One Hundred Names for Love
by Diane Ackerman

Book lovers around the world today are no strangers to love stories. Some of these tales may be as passionate and romantic as Jane Austen’s works. Others could be as sensual as books like the Twilight Saga by Stephanie Meyer. And some could be as poetic as Much Ado about Nothing by William Shakespeare. No matter how legendary or sweet a romantic narrative may be, no love story comes remotely close to the authenticity and the spirituality of Diane Ackerman’s memoir entitled One Hundred Names for Love: A Marriage, a Stroke, and the Language of Healing. Diane tells the story of her husband, Paul West, and how she rose to the occasion when a massive stroke that he suffered in 2006 handicapped him for an indefinite period and robbed him of his extensive vocabulary, something he had prided himself on for nearly his whole life. But as she learns to have patience with his incapability and cope with a seemingly dark future, what started as a dreary tale soon becomes a story of love, perseverance and hope.
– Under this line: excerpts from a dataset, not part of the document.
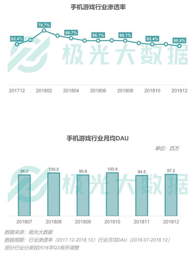 手游行业艰难前进,2018年12月行业渗透率为60.6%,相较全年峰值低21个百分点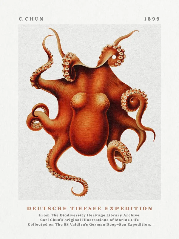 Poster Deutsche Tiefsee Expedition Poster No.3 (Vintage Octopus) - Carl Chun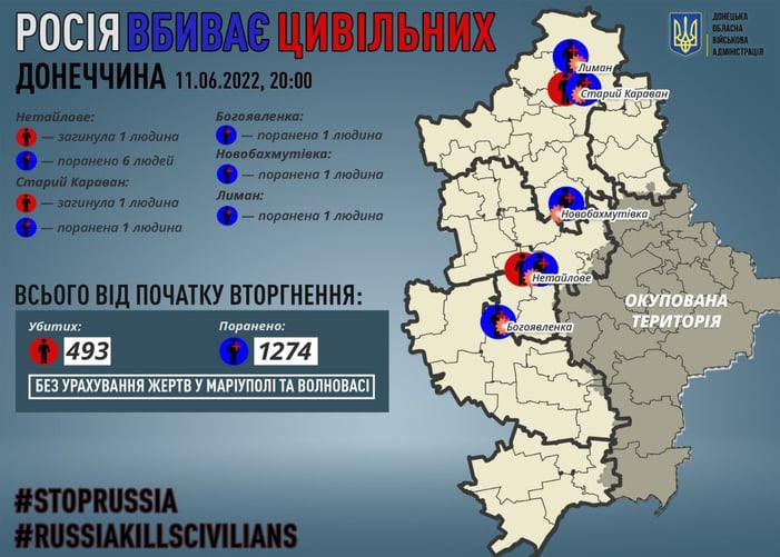 В целом с начала полномасштабной войны рф против Украины оккупанты убили в Донецкой области 493 мирных жителя. Еще 1 274 человека получили ранения.

While reading One Hundred Names for Love, I was reminded of something that I had heard a very long time ago; lovers who were meant to live long and happy lives together are lovers that share a language that only they can understand. With Diane and her husband Paul, even after the stroke I could say that this is true of them. This is the kind of book that lovers of all ages can and will enjoy if they read this memoir. If the reader has been [or is currently] married, engaged or in a committed relationship, they will understand Diane’s attachment to her husband and the language of love that often occurs between them and only them. In almost every other page Diane brings up a random memory of her and her husband together, sometimes just laughing together or watching the television or even just talking.
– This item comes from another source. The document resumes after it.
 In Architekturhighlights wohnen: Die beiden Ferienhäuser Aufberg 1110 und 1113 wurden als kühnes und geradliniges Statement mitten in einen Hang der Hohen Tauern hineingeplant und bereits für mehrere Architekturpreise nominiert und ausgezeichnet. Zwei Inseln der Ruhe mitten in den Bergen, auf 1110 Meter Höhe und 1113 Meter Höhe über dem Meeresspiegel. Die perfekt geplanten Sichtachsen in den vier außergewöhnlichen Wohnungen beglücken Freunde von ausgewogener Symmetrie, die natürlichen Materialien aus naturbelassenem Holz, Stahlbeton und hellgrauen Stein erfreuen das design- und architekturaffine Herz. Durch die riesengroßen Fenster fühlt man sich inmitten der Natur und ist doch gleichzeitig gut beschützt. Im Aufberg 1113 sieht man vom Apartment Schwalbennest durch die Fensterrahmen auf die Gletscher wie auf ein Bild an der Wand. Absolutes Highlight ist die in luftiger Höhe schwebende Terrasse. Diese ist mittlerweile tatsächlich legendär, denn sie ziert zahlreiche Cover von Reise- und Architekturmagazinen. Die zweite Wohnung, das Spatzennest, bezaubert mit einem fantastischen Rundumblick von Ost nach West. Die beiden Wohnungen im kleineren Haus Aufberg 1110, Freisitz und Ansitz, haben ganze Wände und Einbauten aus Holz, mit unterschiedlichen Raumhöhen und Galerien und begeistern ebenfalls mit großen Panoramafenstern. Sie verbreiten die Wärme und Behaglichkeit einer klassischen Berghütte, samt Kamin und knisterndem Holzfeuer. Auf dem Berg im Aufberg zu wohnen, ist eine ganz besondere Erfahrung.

As heart wrenching a tale as it was, One Hundred Names for Love also had a handful of shortcomings. Having never been in a relationship or dated anyone in my life,

I constantly found myself having a hard time relating to Diane as I was reading through the pages. Another low point of the story is that the pacing is very slow in the beginning, where Diane describes nearly every detail of what happened to her and her husband after the stroke, including her thoughts, feelings, and what Paul would say about his experience later on when everything was said and done. And because Diane kept going back and quoting her husband on the experience, more than once I found myself thinking “okay, even though it looks hopeless now we already know that he is okay now and just as capable of doing all of the things he could do before as he was in the beginning, so why do I need to keep reading this?”
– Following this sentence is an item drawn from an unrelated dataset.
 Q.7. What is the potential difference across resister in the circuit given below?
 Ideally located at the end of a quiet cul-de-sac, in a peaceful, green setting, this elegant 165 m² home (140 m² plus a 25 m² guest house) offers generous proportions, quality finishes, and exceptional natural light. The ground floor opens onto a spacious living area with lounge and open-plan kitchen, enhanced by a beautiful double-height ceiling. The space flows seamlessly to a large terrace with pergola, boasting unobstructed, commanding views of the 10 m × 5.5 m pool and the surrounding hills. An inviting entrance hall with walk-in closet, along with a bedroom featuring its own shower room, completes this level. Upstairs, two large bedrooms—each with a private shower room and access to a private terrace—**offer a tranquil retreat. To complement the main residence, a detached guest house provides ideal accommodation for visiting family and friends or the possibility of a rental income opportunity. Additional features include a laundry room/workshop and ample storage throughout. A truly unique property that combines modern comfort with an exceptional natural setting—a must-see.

With the low points of the book comes self-redemption. What Diane lacked in a good sense of pacing the story, she made up for with beautiful—and sometimes comedic—metaphors that kept my attention as I read her story. For example, she opens with her husband being in the hospital for a kidney surgery, and on the very first page she describes all of the tubes being stuck into his body as “a jellyfish with long tentacles, not really a fish at all but a gelatinous animal full of hidden symmetries, as well as lagoons and sewers, and lots of spongy and stringy bits. But mainly salt water. Lugging tubes and cables, he had joined the hospital’s bloom of deep-sea creatures.” And even though I was unable to relate to Diane’s story since I had never dated or been in a committed relationship before, the story still gave me advice and showed that commitment and perseverance are two of the qualities that make a relationship work. There will be times where somebody would want to give up when things are not going smoothly, but Diane’s story shows that if you really love someone, you have to commit to it no matter what. So while I was unable to look at the story and say “I know exactly what she had gone through,” I can still look back on the reading experience and say “I could really learn from Diane’s experiences and put what I learn to practice in the future.”